What to do:
Exactly and only the lines from the one with "Аксессуары изготовленные из" through the last line of the records need to be set down; please skip the pictures.
*** Opening of Data provided ***
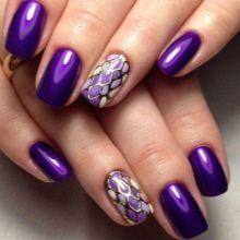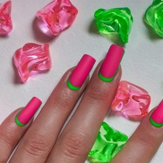 Per exemple, una bona opció és una jaqueta tranquil·la, en la qual s’utilitza l’efecte metàl·lic al vostre abast. Una altra idea original és una manicura de lluna, en la qual hi ha un color de neó brillant al forat.
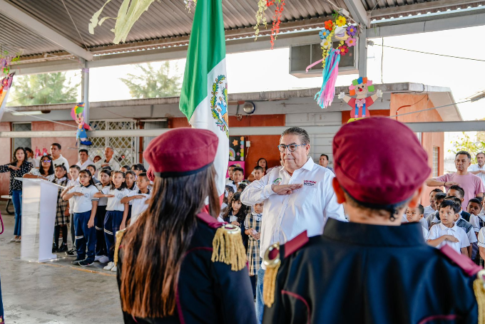 El senador de Morena por Morelos, Víctor Mercado Salgado, estuvo presenta en los honores a la Bandera con estudiantes, padres de familia y maestros de la escuela Fausto Molina, ubicada en la colonia Rubén Jaramillo, en el municipio de Temixco.
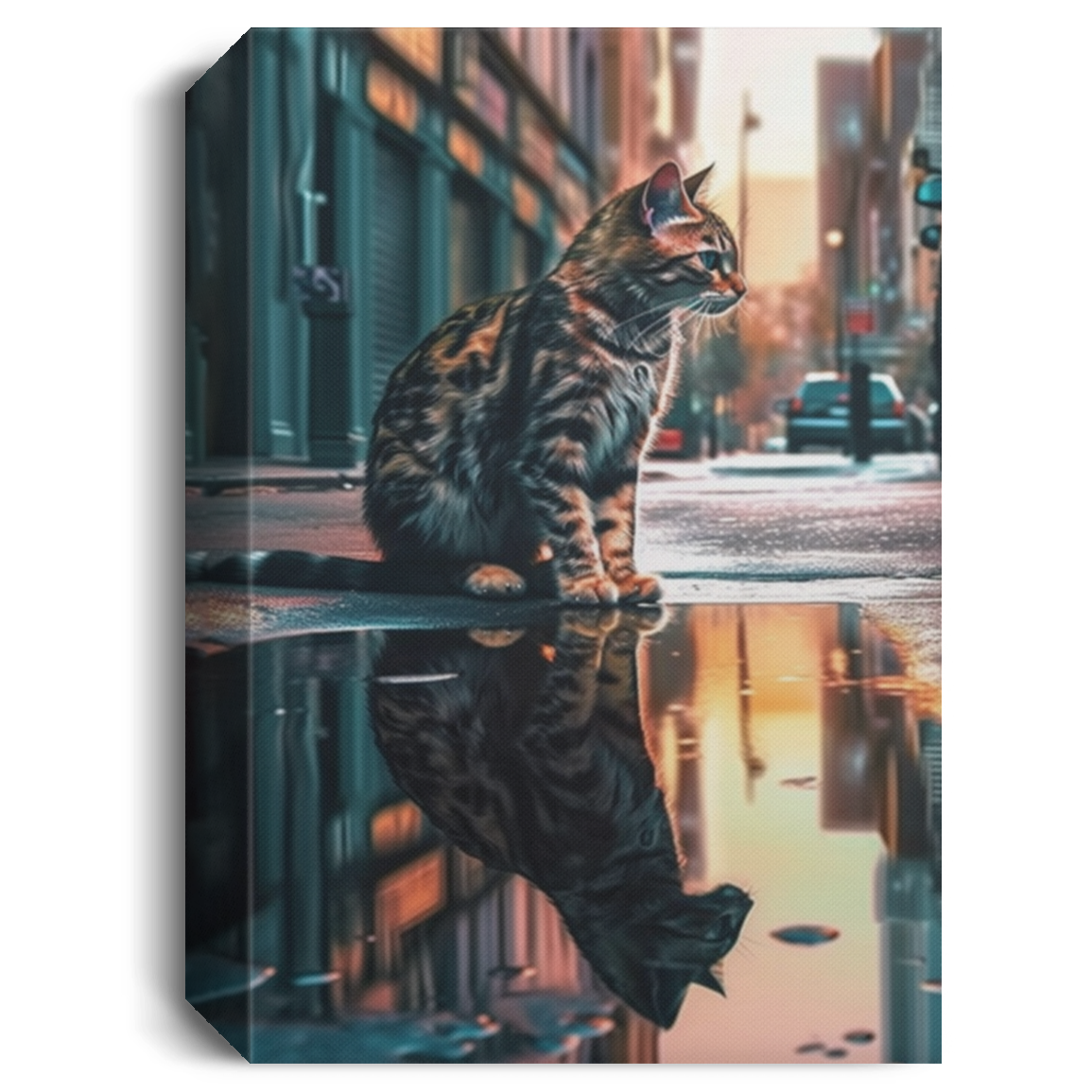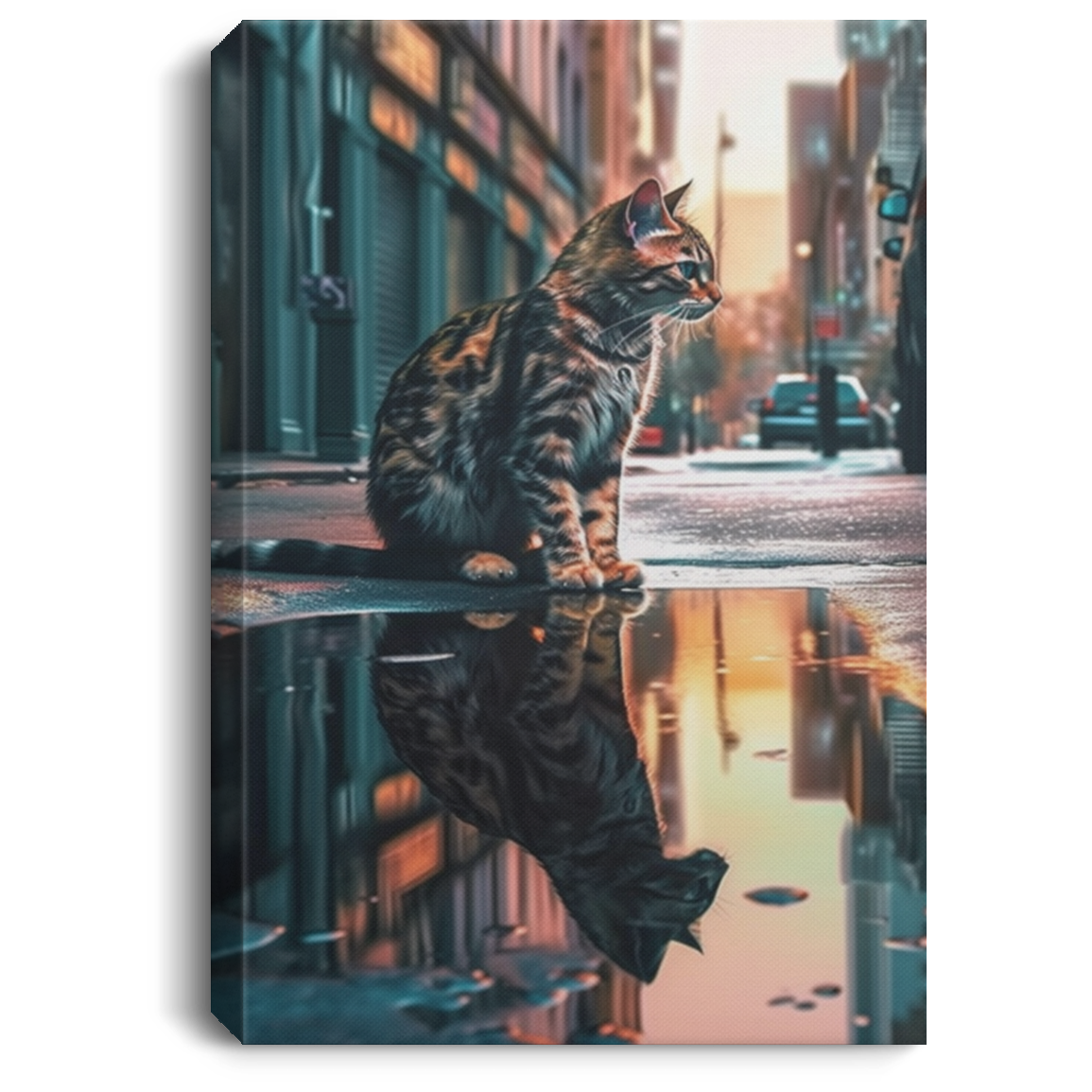 Sad Cat, A Cat Sit On Street Alone, After Rain, Cat With Wet Street Canvas
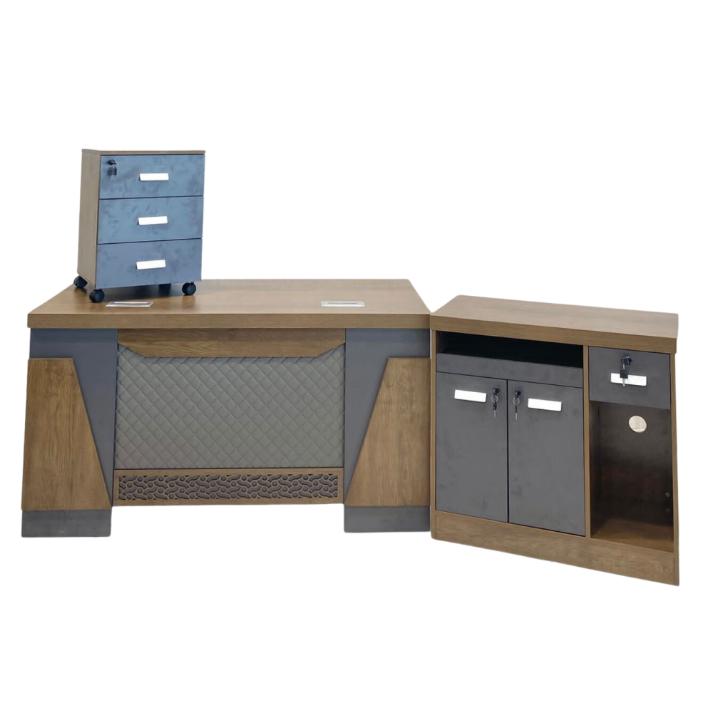A large office desk with a luxurious design consisting of a work table decorated with a contrasting coloured engraved design on the front side that adds luxury to the surrounding decor, a side secretariat suitable for the computer, in addition to a cabinet consisting of three lockable drawers for placing important documents and work papers.
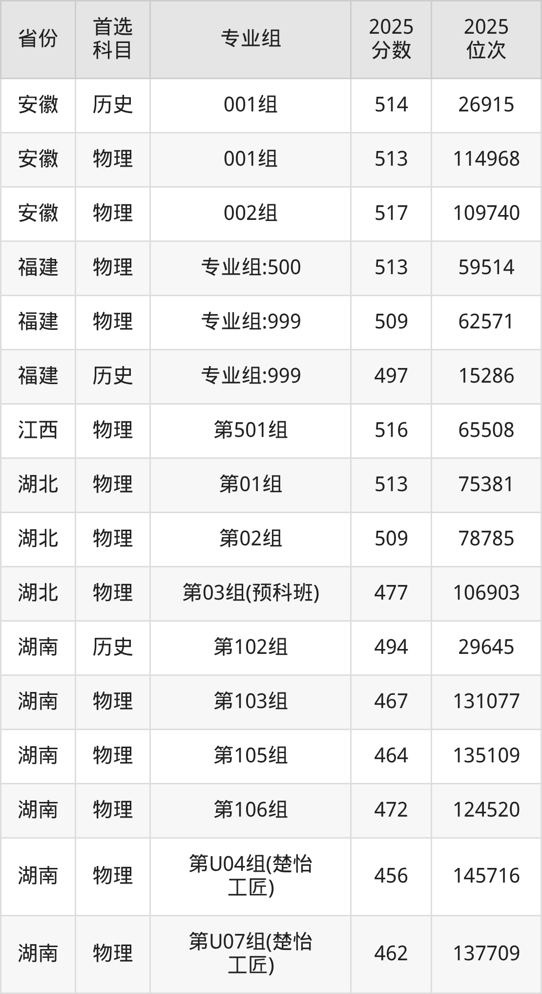 因为大部分地区目前只公布了院校(专业组)分数线,为了方便2026年考生参考,本文就整理出湖南工学院在全国各省不同科类的最低分:
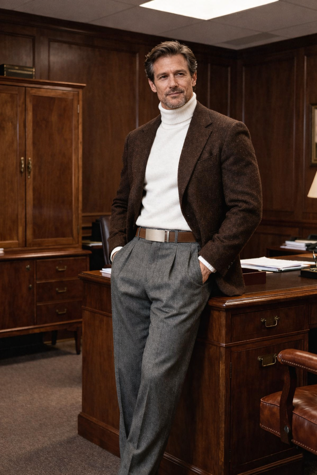 Men’s Mock Turtleneck Ribbed Knit Tee
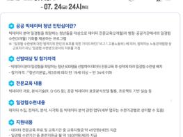 최종 선발된 청년들은 8월부터 2개월 동안 공공빅데이터 기획·분석, 표준분석모델 실습, 실무형 프로젝트 등 데이터 분석을 위한 실무 위주의 전문교육을 통해 현장 친화형인재로 양성된다.
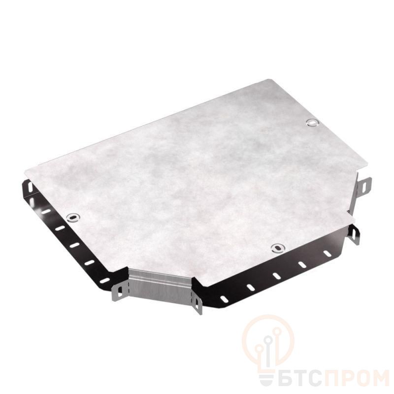 Аксессуары изготовленные из стали с защитным покрытием по методу Сендзимира – это изделия, на которых защитное цинковое покрытие было нанесено на листовую сталь перед изготовлением. Толщина защитного покрытия варьируется от 10 до 22мкм. Климатическое исполнение изделий УХЛ2, что предусматривают эксплуатацию в помещении и под навесом, при температуре эксплуатации от -80 до +150°С. Т-образный ответвитель предназначен для разветвления кабельных трасс в горизонтальном направлении,для перфорированных и глухих лотков. В комплект входит крышка.
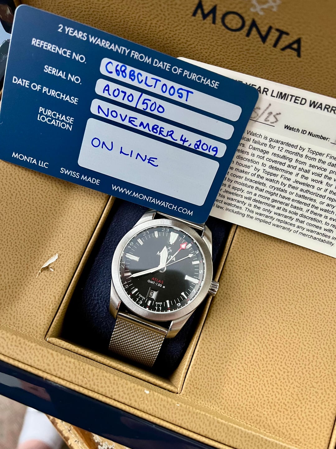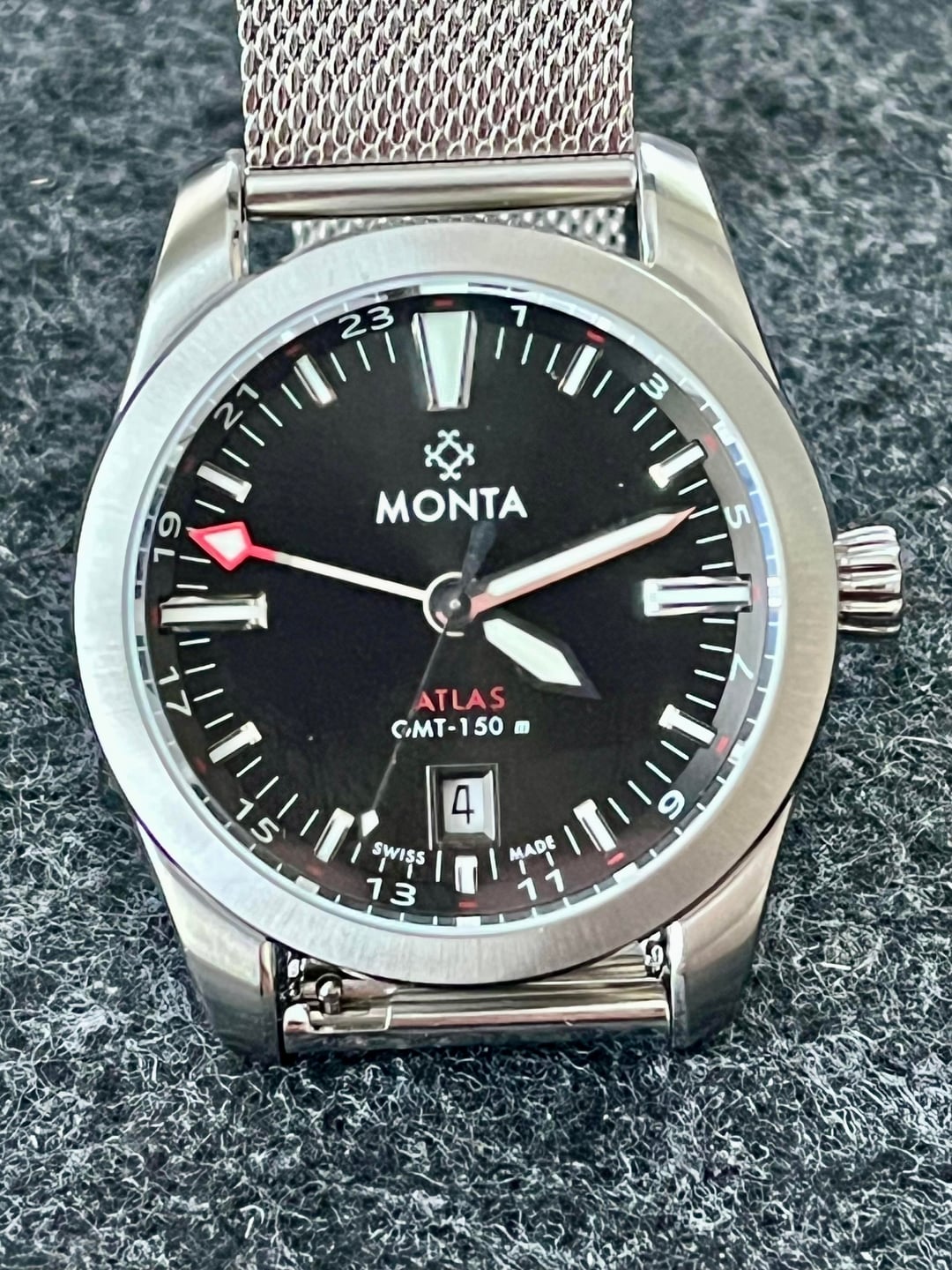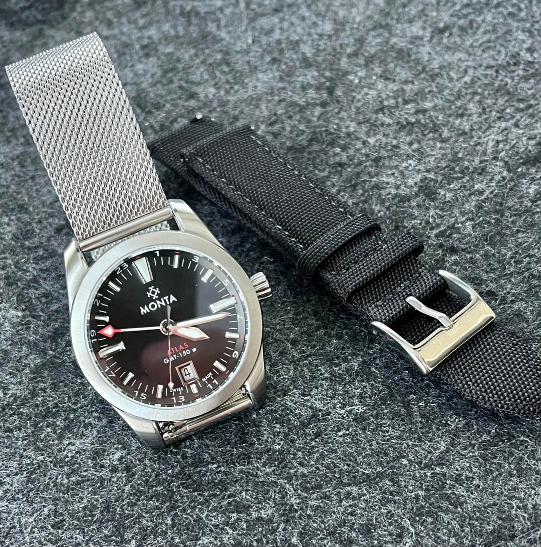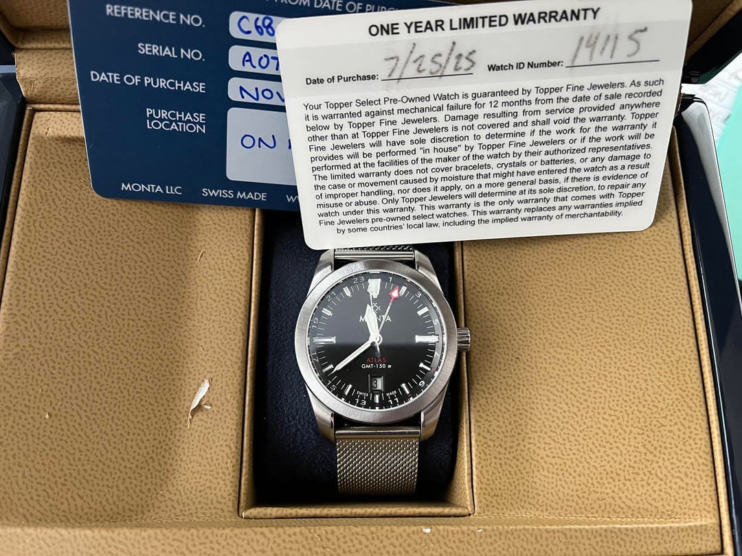 Selling a **Monta Atlas GMT** with a charcoal dial. Very good condition, keeps **excellent time**. **No Monta bracelet included**, making it perfect for NATO or strap enthusiasts. **Reference & MSRP:** * [Monta Atlas Charcoal Dial](https://montawatch.com/products/monta-atlas-charcoal-dial?utm_source=chatgpt.com) * Current MSRP: $2,150 (on bracelet) **Measurements:** * Diameter: 38.5mm * Lug width: 20mm * Thickness: 10.7mm * Lug-to-lug: 47mm **Condition & Warranty:** * Very good overall condition * Under **Topper Jewelers' pre-owned warranty until 7/25/2026** **Included:** * AM Mesh bracelet * Black Cordura strap * Monta box (slight break on one hinge, opens/closes fine) * Booklet & cleaning cloth * Warranty card (expired 2019) * Topper Select warranty card (valid 7/25/2026) **Price:** $699 shipped (CONUS) **Payment:** Zelle or Venmo F&F **Terms:** No trades **Note:** This watch does **not include the Monta bracelet**, making it ideal for strap enthusiasts looking to mix and match.
*** Close of Data provided ***
Written solution:
 Аксессуары изготовленные из стали с защитным покрытием по методу Сендзимира – это изделия, на которых защитное цинковое покрытие было нанесено на листовую сталь перед изготовлением. Толщина защитного покрытия варьируется от 10 до 22мкм. Климатическое исполнение изделий УХЛ2, что предусматривают эксплуатацию в помещении и под навесом, при температуре эксплуатации от -80 до +150°С. Т-образный ответвитель предназначен для разветвления кабельных трасс в горизонтальном направлении,для перфорированных и глухих лотков. В комплект входит крышка.
 Selling a **Monta Atlas GMT** with a charcoal dial. Very good condition, keeps **excellent time**. **No Monta bracelet included**, making it perfect for NATO or strap enthusiasts. **Reference & MSRP:** * [Monta Atlas Charcoal Dial](https://montawatch.com/products/monta-atlas-charcoal-dial?utm_source=chatgpt.com) * Current MSRP: $2,150 (on bracelet) **Measurements:** * Diameter: 38.5mm * Lug width: 20mm * Thickness: 10.7mm * Lug-to-lug: 47mm **Condition & Warranty:** * Very good overall condition * Under **Topper Jewelers' pre-owned warranty until 7/25/2026** **Included:** * AM Mesh bracelet * Black Cordura strap * Monta box (slight break on one hinge, opens/closes fine) * Booklet & cleaning cloth * Warranty card (expired 2019) * Topper Select warranty card (valid 7/25/2026) **Price:** $699 shipped (CONUS) **Payment:** Zelle or Venmo F&F **Terms:** No trades **Note:** This watch does **not include the Monta bracelet**, making it ideal for strap enthusiasts looking to mix and match.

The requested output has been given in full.